EXERCISE BRIEF —
Go through the listing below and retype exactly the lines starting at the one with "札幌旅行で札幌駅に近いホテル" and ending at the one with "Container, Space-Saving; Rubbermaid;", skipping pictures.

DATASET EXCERPTS —
☆ ☆ ☆ ☆
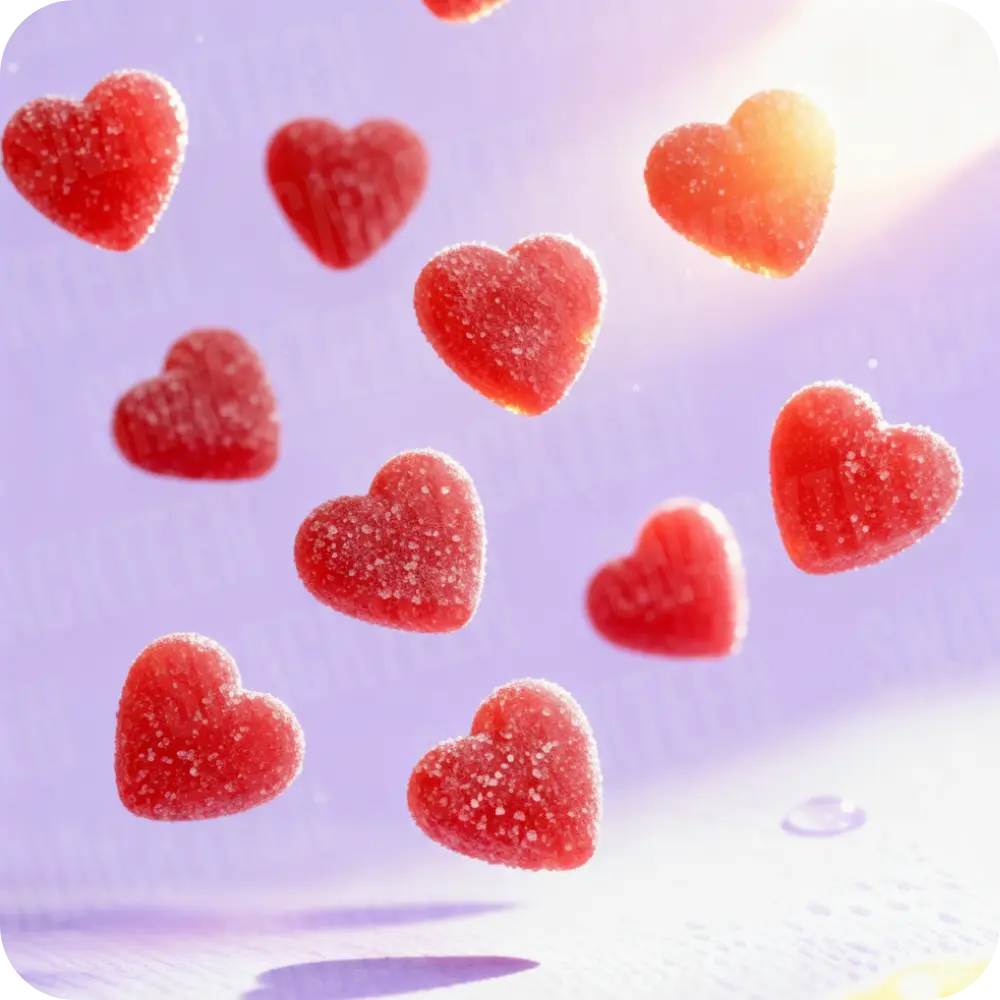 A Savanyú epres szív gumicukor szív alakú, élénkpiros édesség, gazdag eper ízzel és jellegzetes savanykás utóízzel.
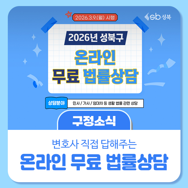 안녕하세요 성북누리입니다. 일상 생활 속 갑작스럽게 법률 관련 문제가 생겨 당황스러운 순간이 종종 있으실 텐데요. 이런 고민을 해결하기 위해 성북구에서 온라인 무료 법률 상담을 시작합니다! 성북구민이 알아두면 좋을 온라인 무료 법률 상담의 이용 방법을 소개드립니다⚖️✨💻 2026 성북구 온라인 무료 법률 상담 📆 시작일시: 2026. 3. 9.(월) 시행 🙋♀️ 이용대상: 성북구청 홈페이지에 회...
☆ ☆ ☆ ☆
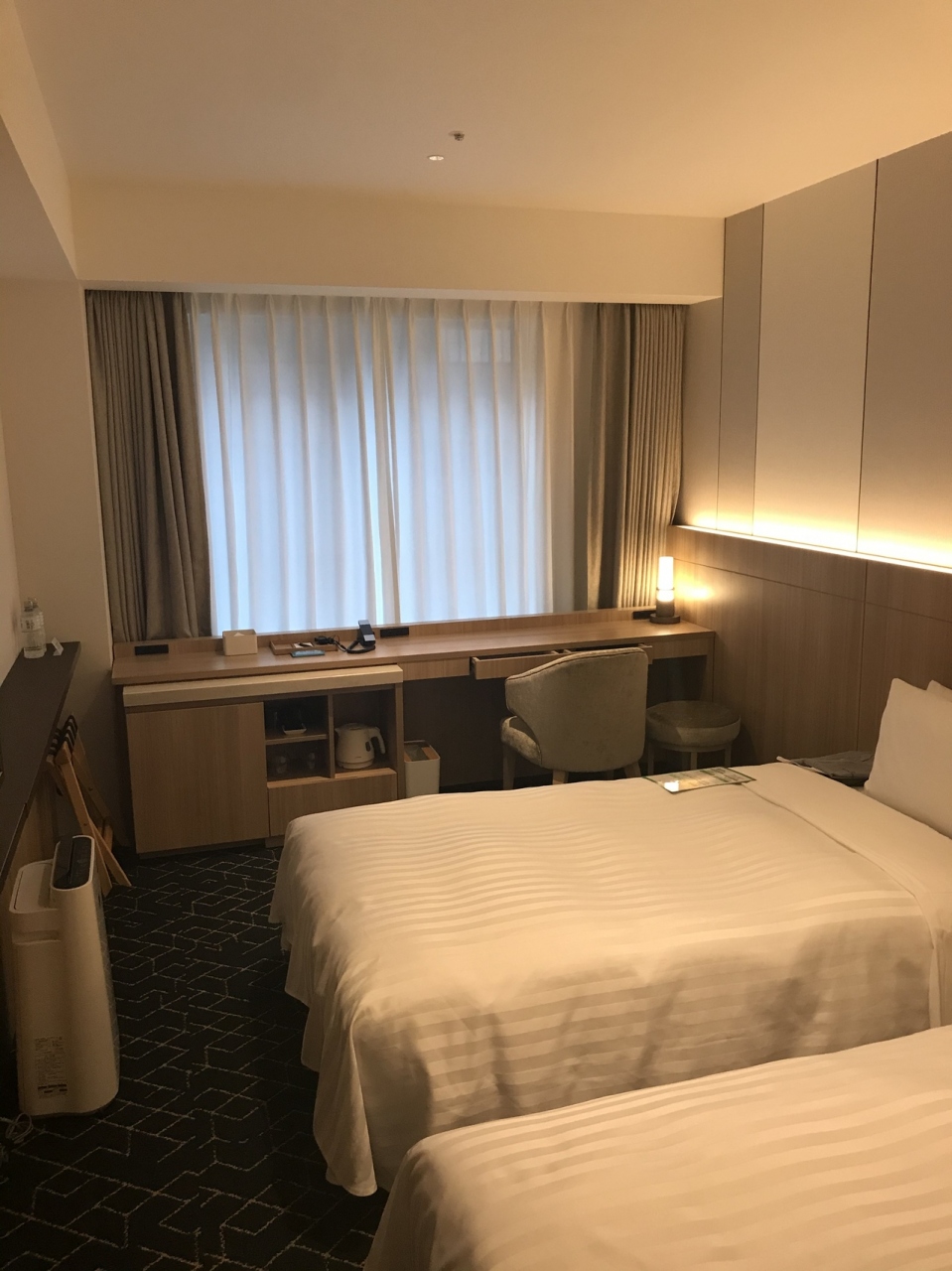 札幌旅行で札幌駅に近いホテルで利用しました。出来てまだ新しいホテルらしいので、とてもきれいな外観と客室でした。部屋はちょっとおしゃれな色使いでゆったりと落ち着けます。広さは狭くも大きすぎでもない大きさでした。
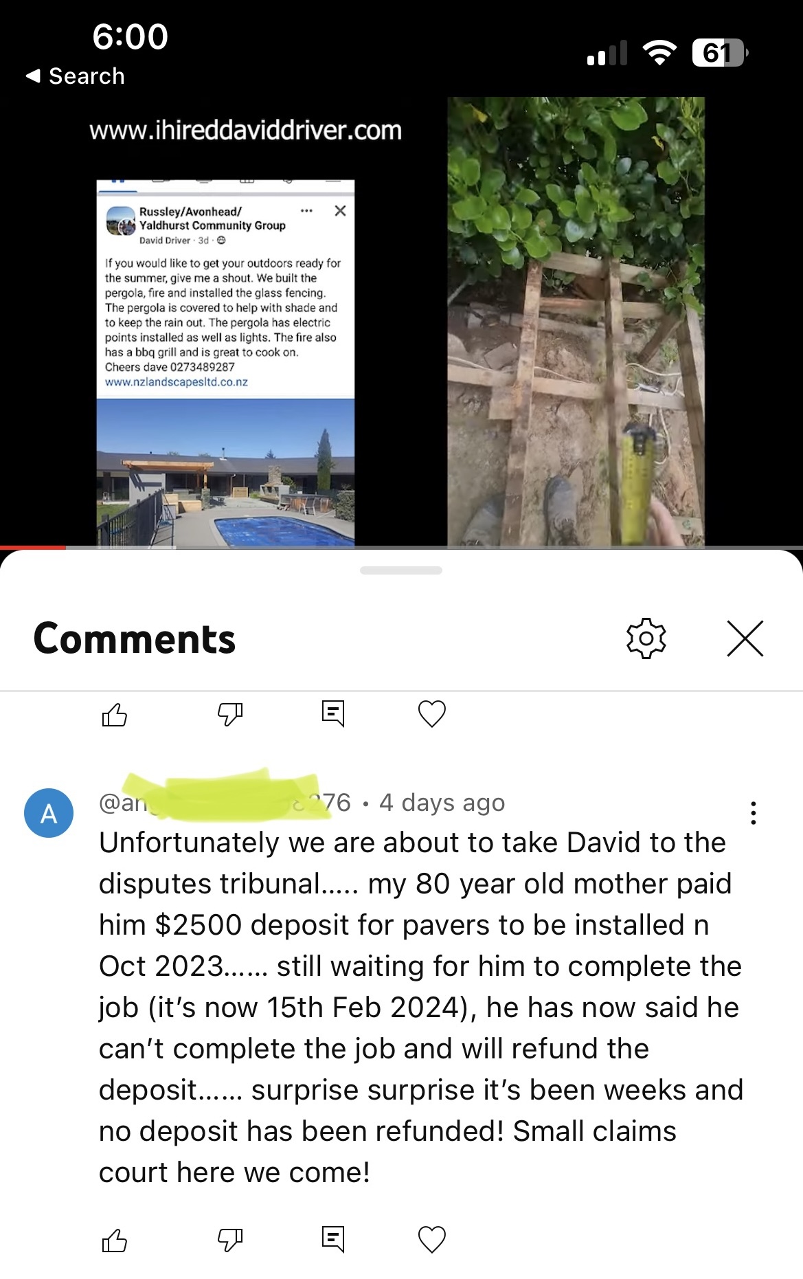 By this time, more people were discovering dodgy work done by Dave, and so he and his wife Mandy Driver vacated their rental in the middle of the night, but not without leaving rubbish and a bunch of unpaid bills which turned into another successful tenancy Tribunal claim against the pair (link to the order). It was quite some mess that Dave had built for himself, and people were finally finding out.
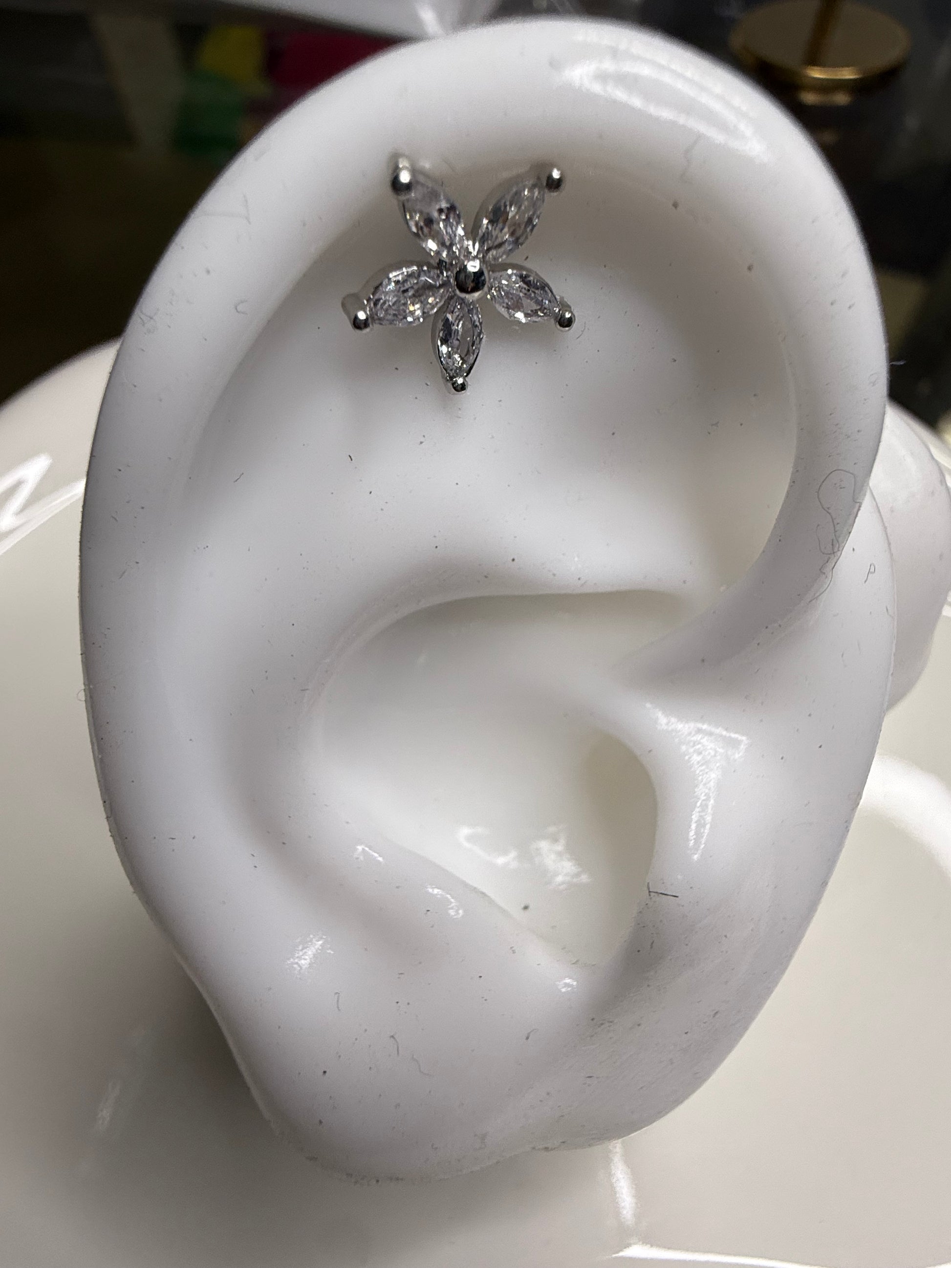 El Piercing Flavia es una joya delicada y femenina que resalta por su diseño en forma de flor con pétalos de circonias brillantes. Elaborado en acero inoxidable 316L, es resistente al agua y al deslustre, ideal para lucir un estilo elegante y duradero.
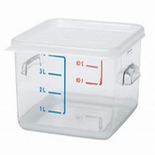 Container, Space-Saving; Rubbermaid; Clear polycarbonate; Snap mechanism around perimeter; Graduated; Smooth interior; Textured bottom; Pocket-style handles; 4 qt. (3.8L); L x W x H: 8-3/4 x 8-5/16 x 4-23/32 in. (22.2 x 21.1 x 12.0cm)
☆ ☆ ☆ ☆
TASK RESULT —
 札幌旅行で札幌駅に近いホテルで利用しました。出来てまだ新しいホテルらしいので、とてもきれいな外観と客室でした。部屋はちょっとおしゃれな色使いでゆったりと落ち着けます。広さは狭くも大きすぎでもない大きさでした。
 By this time, more people were discovering dodgy work done by Dave, and so he and his wife Mandy Driver vacated their rental in the middle of the night, but not without leaving rubbish and a bunch of unpaid bills which turned into another successful tenancy Tribunal claim against the pair (link to the order). It was quite some mess that Dave had built for himself, and people were finally finding out.
 El Piercing Flavia es una joya delicada y femenina que resalta por su diseño en forma de flor con pétalos de circonias brillantes. Elaborado en acero inoxidable 316L, es resistente al agua y al deslustre, ideal para lucir un estilo elegante y duradero.
 Container, Space-Saving; Rubbermaid; Clear polycarbonate; Snap mechanism around perimeter; Graduated; Smooth interior; Textured bottom; Pocket-style handles; 4 qt. (3.8L); L x W x H: 8-3/4 x 8-5/16 x 4-23/32 in. (22.2 x 21.1 x 12.0cm)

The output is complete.